- GIVEN INFORMATION -
···
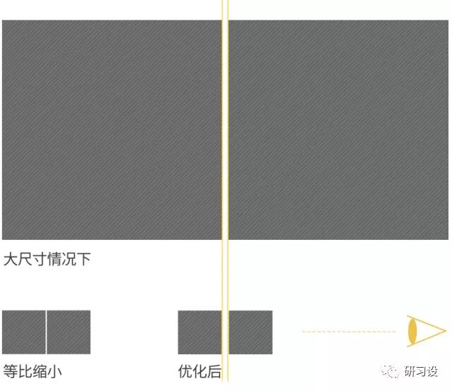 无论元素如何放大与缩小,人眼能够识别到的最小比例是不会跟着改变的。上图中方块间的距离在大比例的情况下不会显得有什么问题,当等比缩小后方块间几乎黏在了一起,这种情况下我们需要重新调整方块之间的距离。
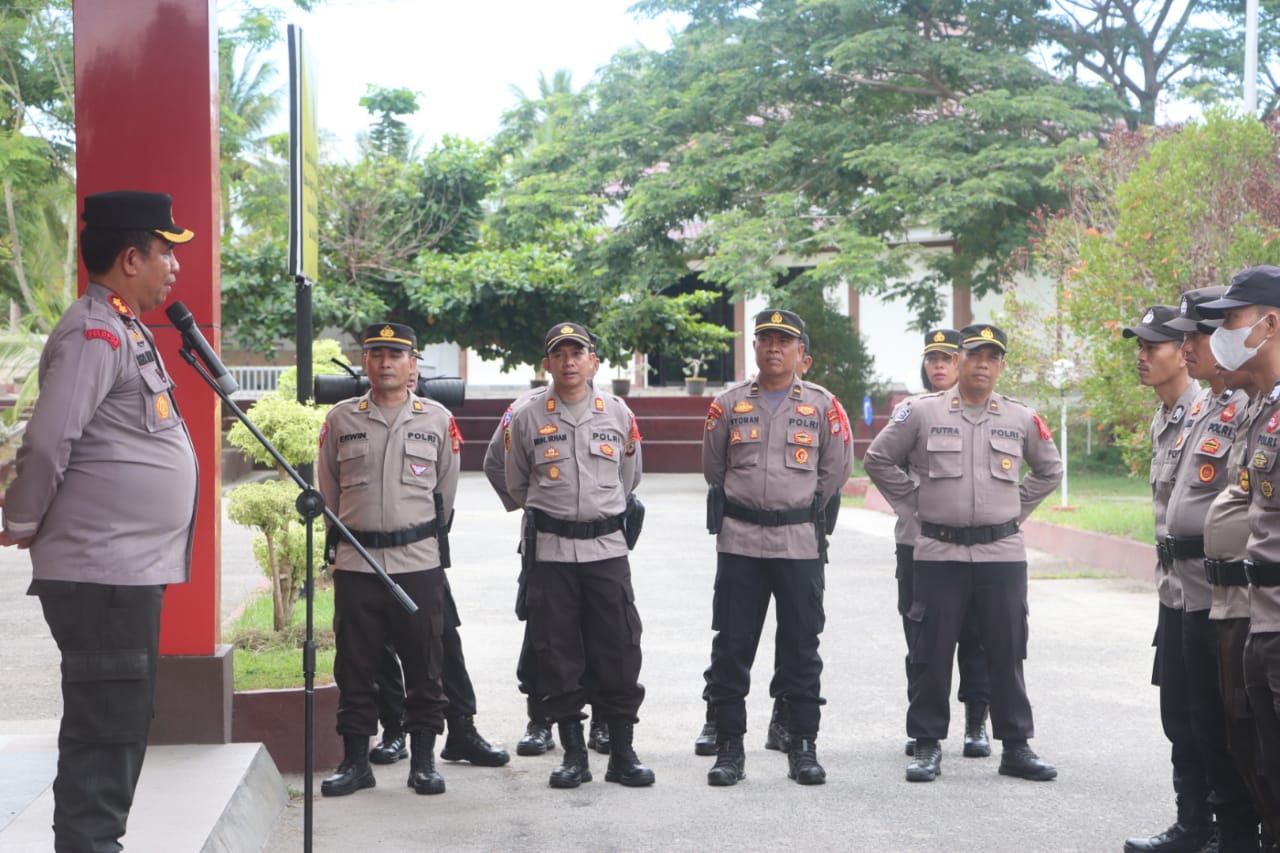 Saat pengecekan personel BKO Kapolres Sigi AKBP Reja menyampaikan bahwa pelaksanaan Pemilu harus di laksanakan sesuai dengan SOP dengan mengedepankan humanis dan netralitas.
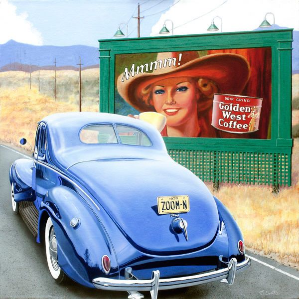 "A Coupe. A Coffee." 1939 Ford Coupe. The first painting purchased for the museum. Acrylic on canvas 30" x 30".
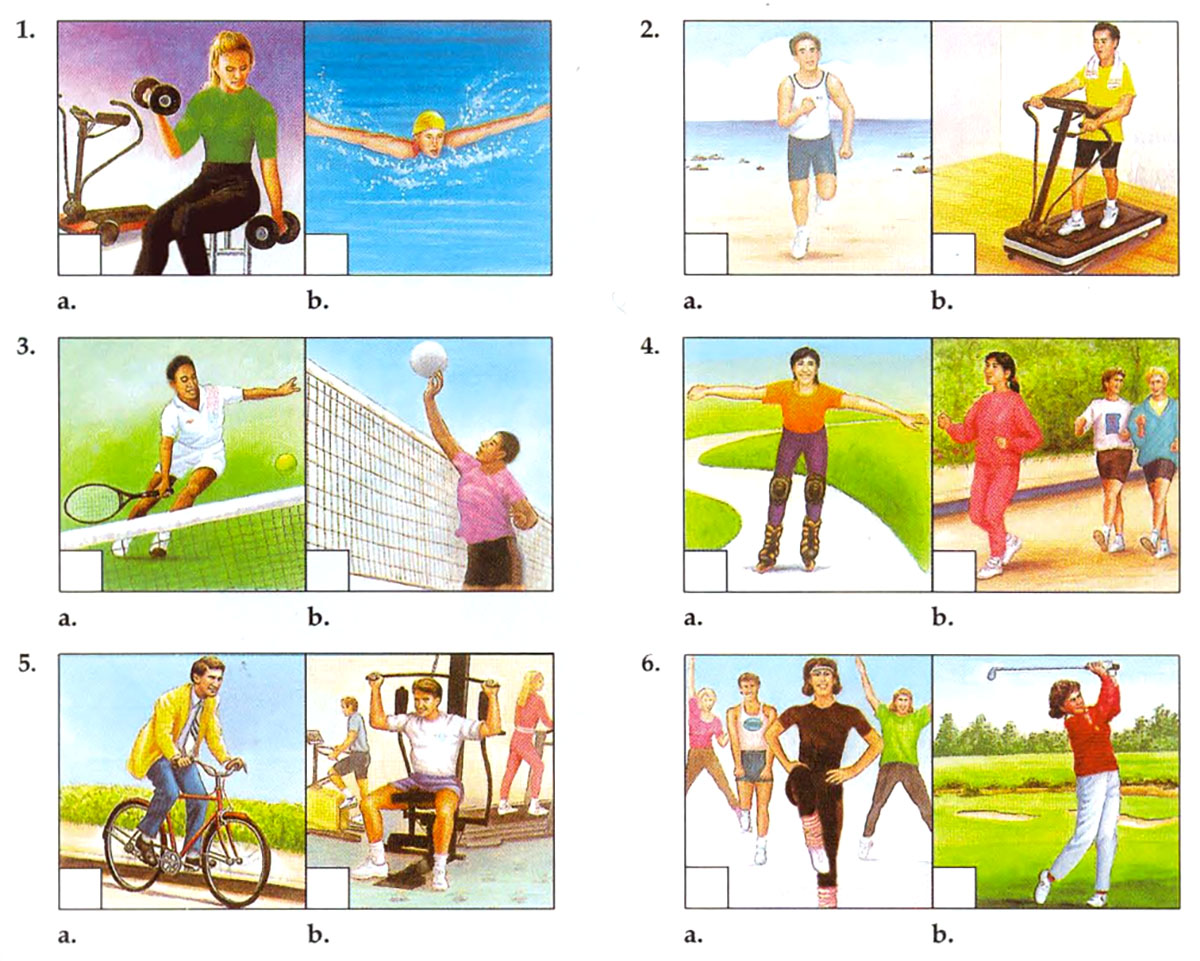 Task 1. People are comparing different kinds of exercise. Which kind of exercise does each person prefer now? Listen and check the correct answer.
···
- TASK DIRECTIONS -
Would you copy, exactly, each line from the start of the listing above through the line with "Saat pengecekan personel", both ends included, but none of the pictures?

- SOLUTION -
 无论元素如何放大与缩小,人眼能够识别到的最小比例是不会跟着改变的。上图中方块间的距离在大比例的情况下不会显得有什么问题,当等比缩小后方块间几乎黏在了一起,这种情况下我们需要重新调整方块之间的距离。
 Saat pengecekan personel BKO Kapolres Sigi AKBP Reja menyampaikan bahwa pelaksanaan Pemilu harus di laksanakan sesuai dengan SOP dengan mengedepankan humanis dan netralitas.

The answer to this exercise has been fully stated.